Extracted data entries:
====================

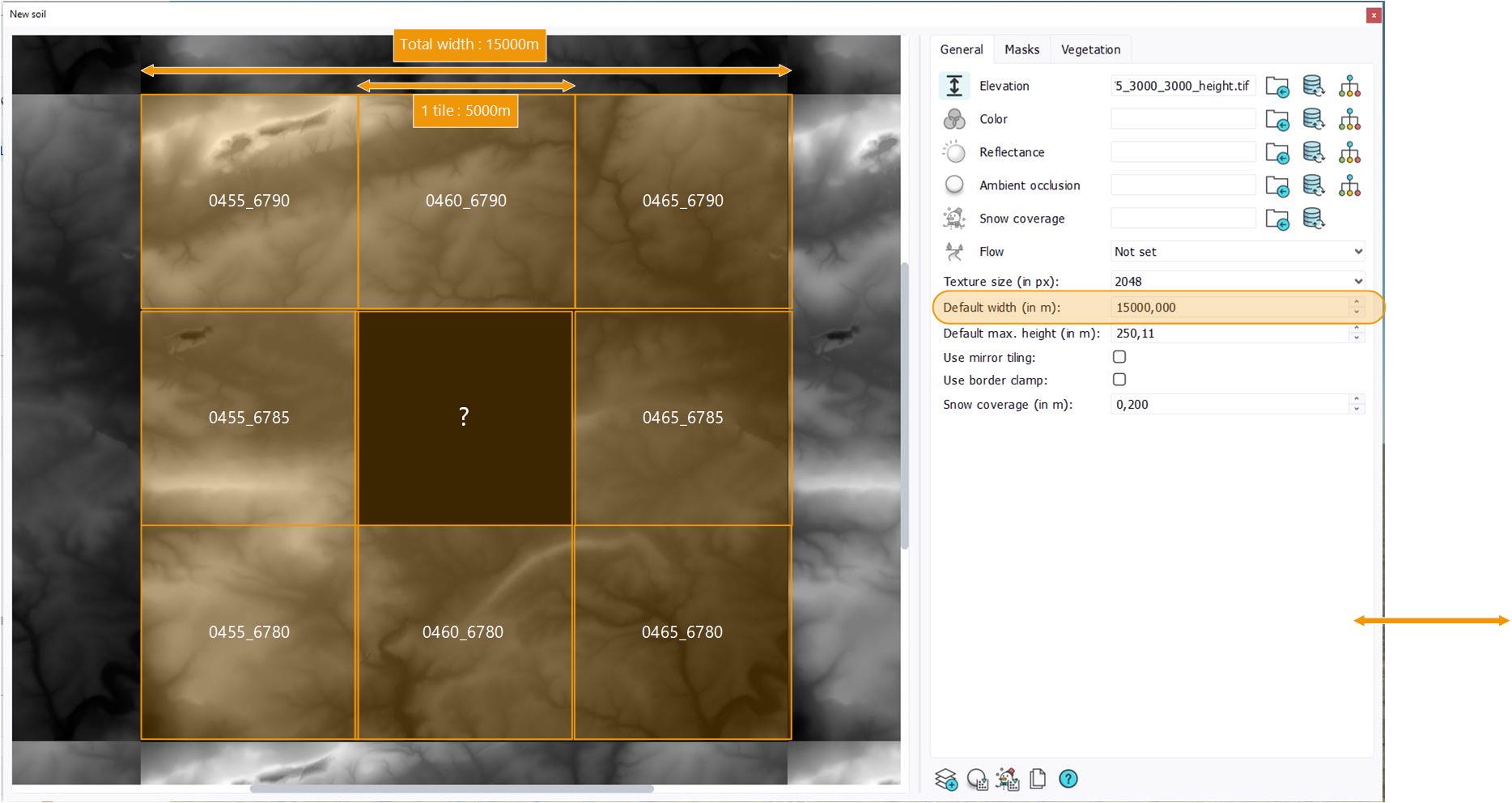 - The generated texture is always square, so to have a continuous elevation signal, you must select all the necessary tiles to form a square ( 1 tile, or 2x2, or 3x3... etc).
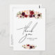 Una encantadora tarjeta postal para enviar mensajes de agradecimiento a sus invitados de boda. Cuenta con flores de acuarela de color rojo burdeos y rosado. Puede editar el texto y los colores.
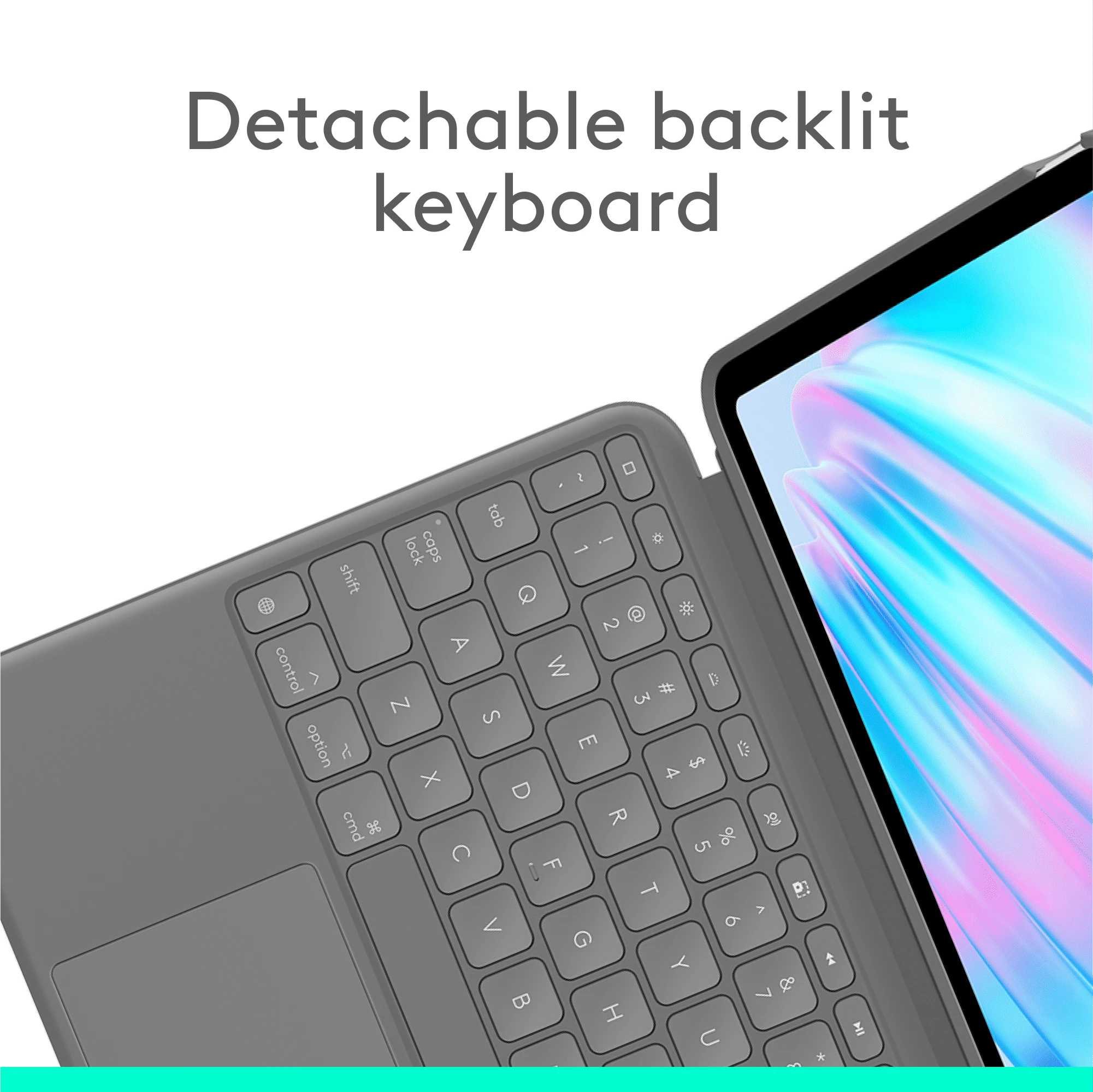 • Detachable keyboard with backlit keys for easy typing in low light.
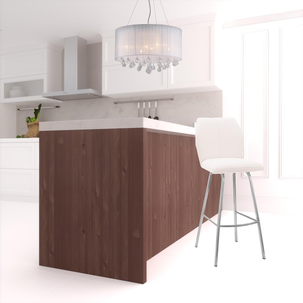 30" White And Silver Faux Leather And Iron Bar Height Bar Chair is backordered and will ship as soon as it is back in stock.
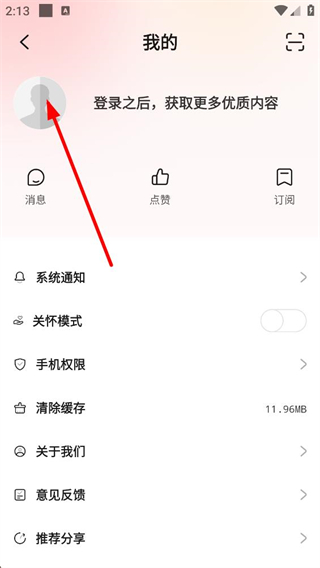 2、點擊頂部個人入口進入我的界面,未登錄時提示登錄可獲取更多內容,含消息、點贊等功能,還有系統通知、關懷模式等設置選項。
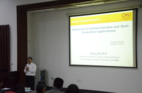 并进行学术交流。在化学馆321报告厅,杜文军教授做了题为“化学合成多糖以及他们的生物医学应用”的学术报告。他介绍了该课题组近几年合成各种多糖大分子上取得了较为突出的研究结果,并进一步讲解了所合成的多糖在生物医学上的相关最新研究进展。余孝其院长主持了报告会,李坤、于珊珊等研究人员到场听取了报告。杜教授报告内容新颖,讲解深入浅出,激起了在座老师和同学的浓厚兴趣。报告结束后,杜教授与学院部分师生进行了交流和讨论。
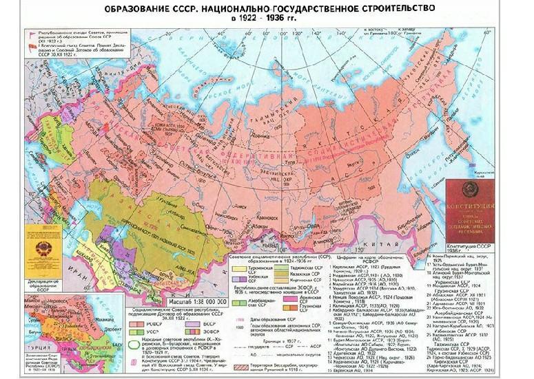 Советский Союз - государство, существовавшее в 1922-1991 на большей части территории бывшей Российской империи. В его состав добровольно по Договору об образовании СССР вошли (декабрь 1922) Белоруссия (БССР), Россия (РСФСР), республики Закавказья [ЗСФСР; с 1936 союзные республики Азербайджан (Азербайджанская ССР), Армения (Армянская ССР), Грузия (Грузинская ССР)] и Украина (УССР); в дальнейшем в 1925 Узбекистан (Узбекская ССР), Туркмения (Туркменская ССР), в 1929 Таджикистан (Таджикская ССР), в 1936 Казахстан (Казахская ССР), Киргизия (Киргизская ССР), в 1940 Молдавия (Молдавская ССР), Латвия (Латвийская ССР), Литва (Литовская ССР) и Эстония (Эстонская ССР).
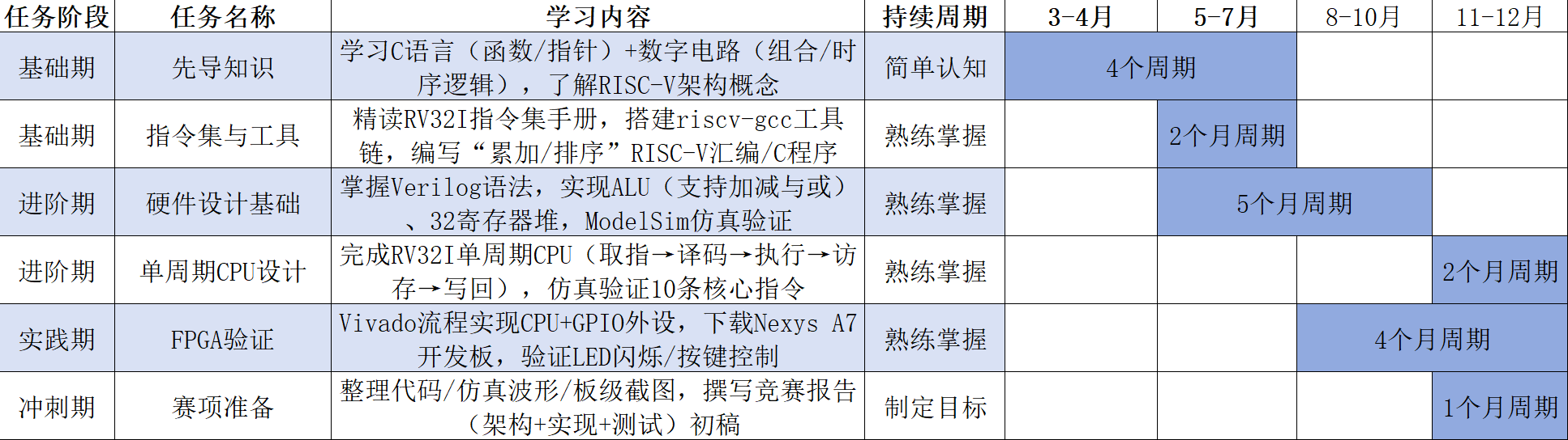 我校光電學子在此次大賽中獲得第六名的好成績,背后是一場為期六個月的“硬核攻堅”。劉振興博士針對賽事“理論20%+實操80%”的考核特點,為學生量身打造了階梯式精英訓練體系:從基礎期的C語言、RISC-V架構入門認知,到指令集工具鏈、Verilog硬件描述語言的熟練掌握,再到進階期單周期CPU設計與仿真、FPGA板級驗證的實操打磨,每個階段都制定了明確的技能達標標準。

====================

- **What to produce**
For this exercise, output the records exactly but omit their pictures.

- **Completed task**
 - The generated texture is always square, so to have a continuous elevation signal, you must select all the necessary tiles to form a square ( 1 tile, or 2x2, or 3x3... etc).
 Una encantadora tarjeta postal para enviar mensajes de agradecimiento a sus invitados de boda. Cuenta con flores de acuarela de color rojo burdeos y rosado. Puede editar el texto y los colores.
 • Detachable keyboard with backlit keys for easy typing in low light.
 30" White And Silver Faux Leather And Iron Bar Height Bar Chair is backordered and will ship as soon as it is back in stock.
 2、點擊頂部個人入口進入我的界面,未登錄時提示登錄可獲取更多內容,含消息、點贊等功能,還有系統通知、關懷模式等設置選項。
 并进行学术交流。在化学馆321报告厅,杜文军教授做了题为“化学合成多糖以及他们的生物医学应用”的学术报告。他介绍了该课题组近几年合成各种多糖大分子上取得了较为突出的研究结果,并进一步讲解了所合成的多糖在生物医学上的相关最新研究进展。余孝其院长主持了报告会,李坤、于珊珊等研究人员到场听取了报告。杜教授报告内容新颖,讲解深入浅出,激起了在座老师和同学的浓厚兴趣。报告结束后,杜教授与学院部分师生进行了交流和讨论。
 Советский Союз - государство, существовавшее в 1922-1991 на большей части территории бывшей Российской империи. В его состав добровольно по Договору об образовании СССР вошли (декабрь 1922) Белоруссия (БССР), Россия (РСФСР), республики Закавказья [ЗСФСР; с 1936 союзные республики Азербайджан (Азербайджанская ССР), Армения (Армянская ССР), Грузия (Грузинская ССР)] и Украина (УССР); в дальнейшем в 1925 Узбекистан (Узбекская ССР), Туркмения (Туркменская ССР), в 1929 Таджикистан (Таджикская ССР), в 1936 Казахстан (Казахская ССР), Киргизия (Киргизская ССР), в 1940 Молдавия (Молдавская ССР), Латвия (Латвийская ССР), Литва (Литовская ССР) и Эстония (Эстонская ССР).
 我校光電學子在此次大賽中獲得第六名的好成績,背后是一場為期六個月的“硬核攻堅”。劉振興博士針對賽事“理論20%+實操80%”的考核特點,為學生量身打造了階梯式精英訓練體系:從基礎期的C語言、RISC-V架構入門認知,到指令集工具鏈、Verilog硬件描述語言的熟練掌握,再到進階期單周期CPU設計與仿真、FPGA板級驗證的實操打磨,每個階段都制定了明確的技能達標標準。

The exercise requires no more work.